▸ **What to produce**:
Return all of the data below verbatim and exclude every picture.

▸ **Data extract**:
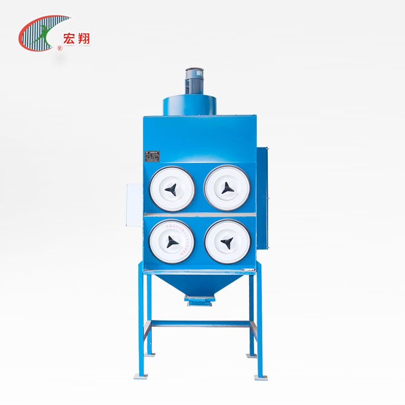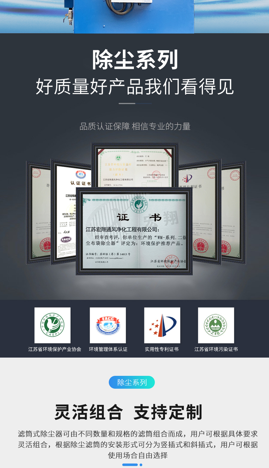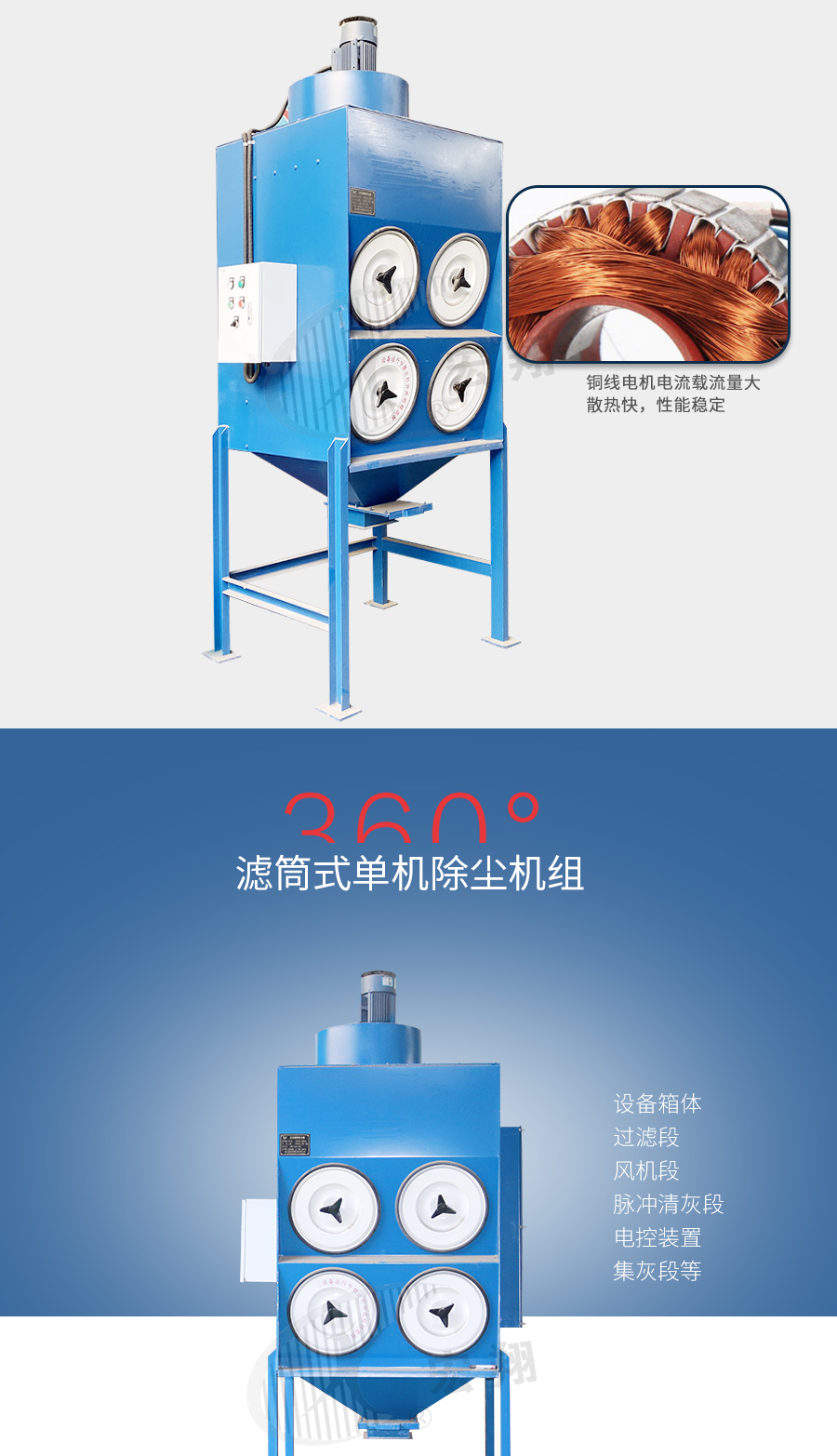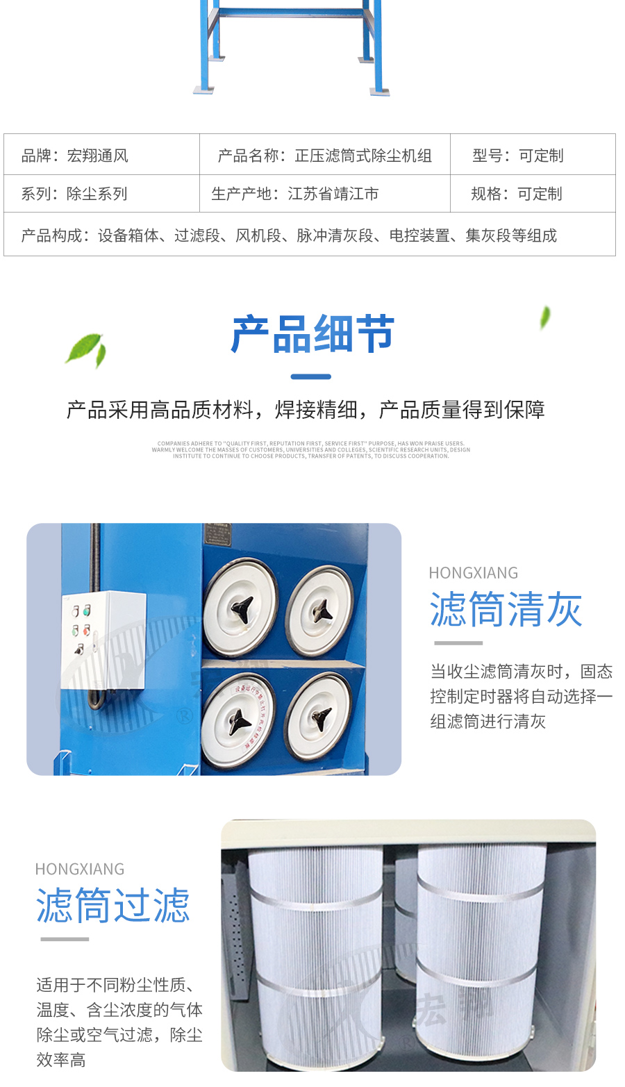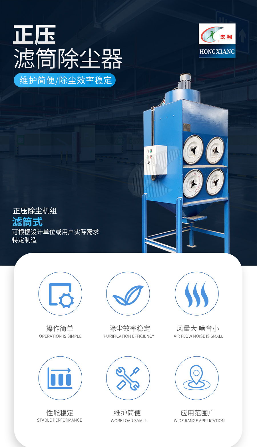正壓濾筒式除塵器的結構是由進風管、排風管、箱體、灰斗、清灰裝置、導流裝置、氣流分流分布板、濾筒及電控裝置組成,類似氣箱脈沖袋除塵結構。
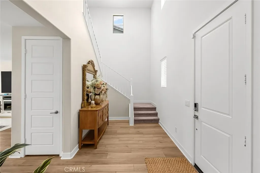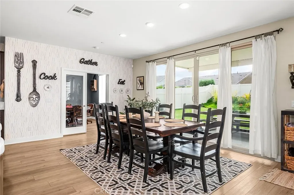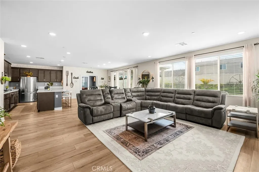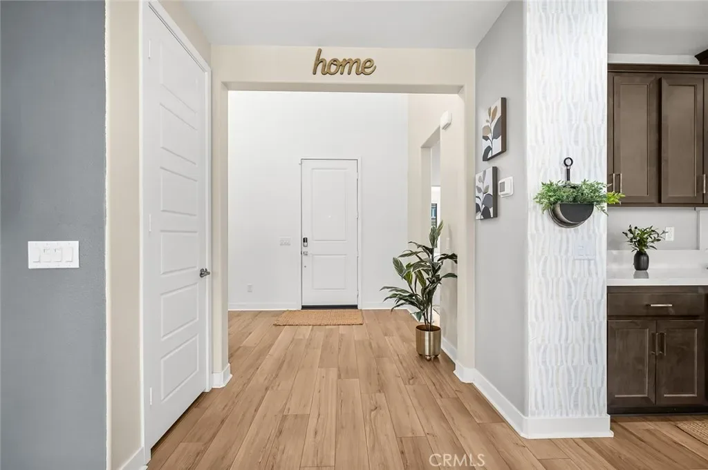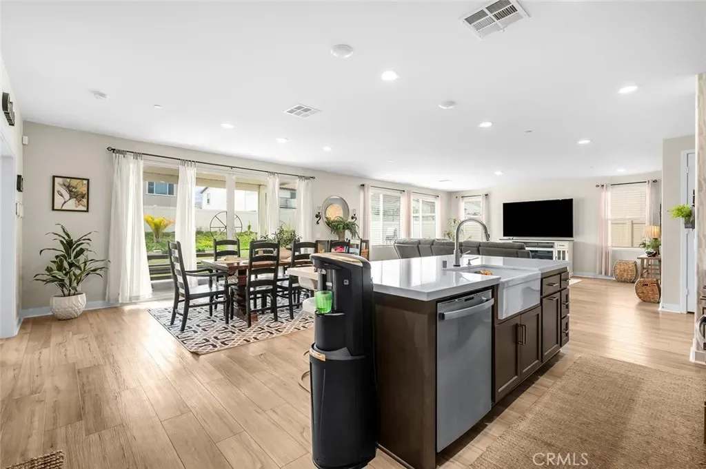 The open-concept floor plan features upgraded lighting, quartz countertops in the kitchen and all bathrooms, and luxury vinyl tile flooring in the main living areas and bathrooms. The gourmet kitchen includes a farmhouse-style sink, touch-activated faucet, upgraded stove and oven, a widened refrigerator space, and a frosted pantry door. The 12-foot sliding glass door opens to an extended covered patio, ideal for seamless indoor-outdoor living.
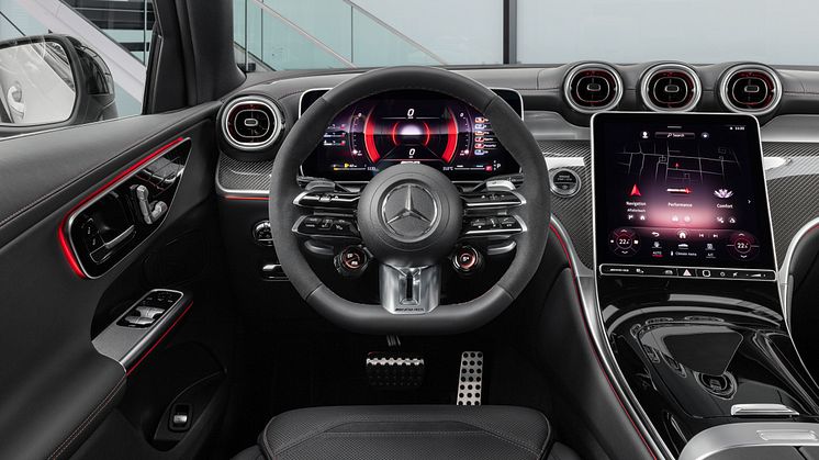 GLC 63 S E PERFORMANCE Coupé är toppmodellen och den första suv coupén från AMG med den helt nya hybriddrivlinan. En rak 2.0-liters fyra på 476 hk (350 kW) kombineras med en elmotor på 204 hk (150 kW). Tack vare elmotorn får bilen både ytterst snabb respons och en bra viktfördelning. Systemeffekten landar på 680 hk (500 kW) och det totala vridmomentet är 1020 Nm.
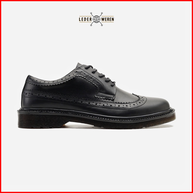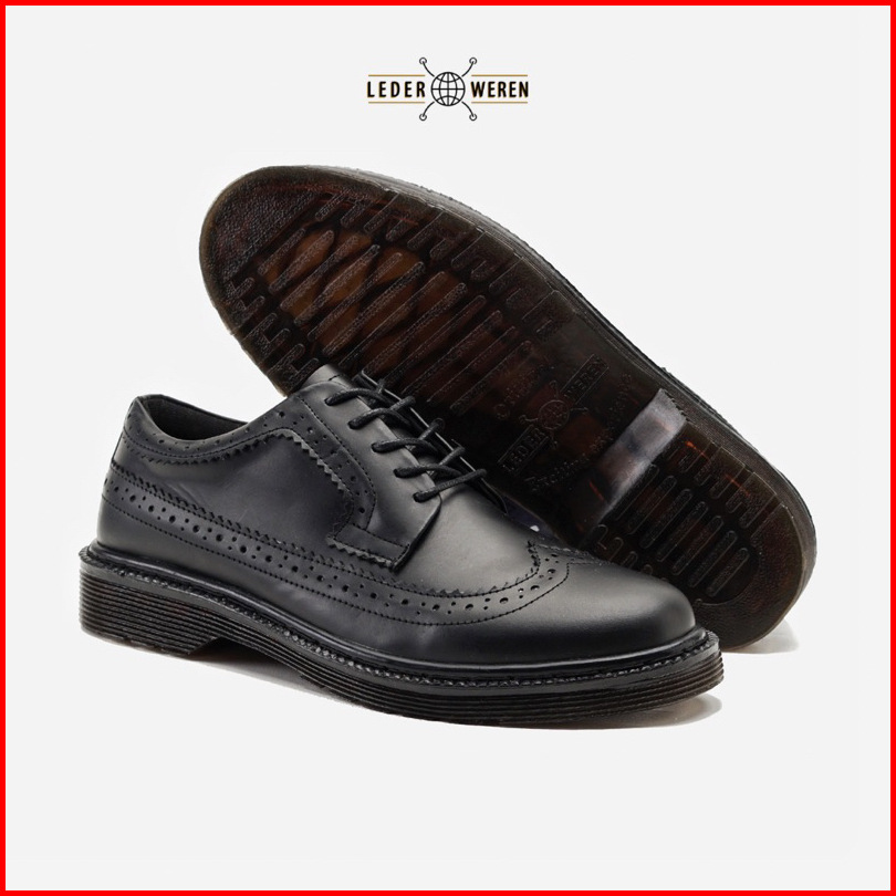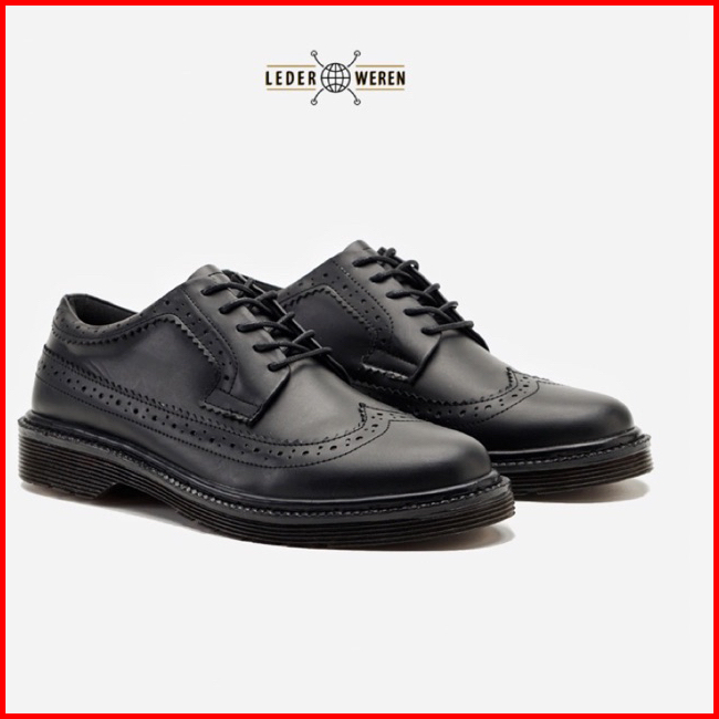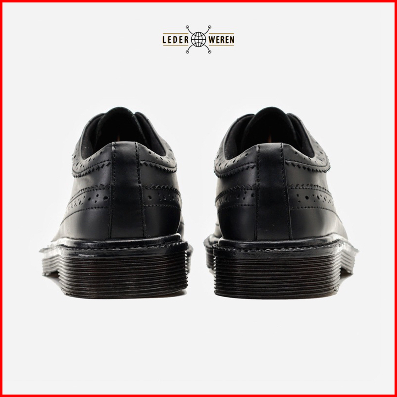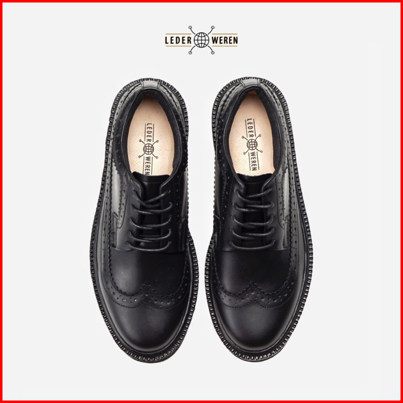 Lederweren Leder Wingtip Black Sepatu Pria Formal Pantofel Kulit

▸ **Response to the task**:
正壓濾筒式除塵器的結構是由進風管、排風管、箱體、灰斗、清灰裝置、導流裝置、氣流分流分布板、濾筒及電控裝置組成,類似氣箱脈沖袋除塵結構。
 The open-concept floor plan features upgraded lighting, quartz countertops in the kitchen and all bathrooms, and luxury vinyl tile flooring in the main living areas and bathrooms. The gourmet kitchen includes a farmhouse-style sink, touch-activated faucet, upgraded stove and oven, a widened refrigerator space, and a frosted pantry door. The 12-foot sliding glass door opens to an extended covered patio, ideal for seamless indoor-outdoor living.
 GLC 63 S E PERFORMANCE Coupé är toppmodellen och den första suv coupén från AMG med den helt nya hybriddrivlinan. En rak 2.0-liters fyra på 476 hk (350 kW) kombineras med en elmotor på 204 hk (150 kW). Tack vare elmotorn får bilen både ytterst snabb respons och en bra viktfördelning. Systemeffekten landar på 680 hk (500 kW) och det totala vridmomentet är 1020 Nm.
 Lederweren Leder Wingtip Black Sepatu Pria Formal Pantofel Kulit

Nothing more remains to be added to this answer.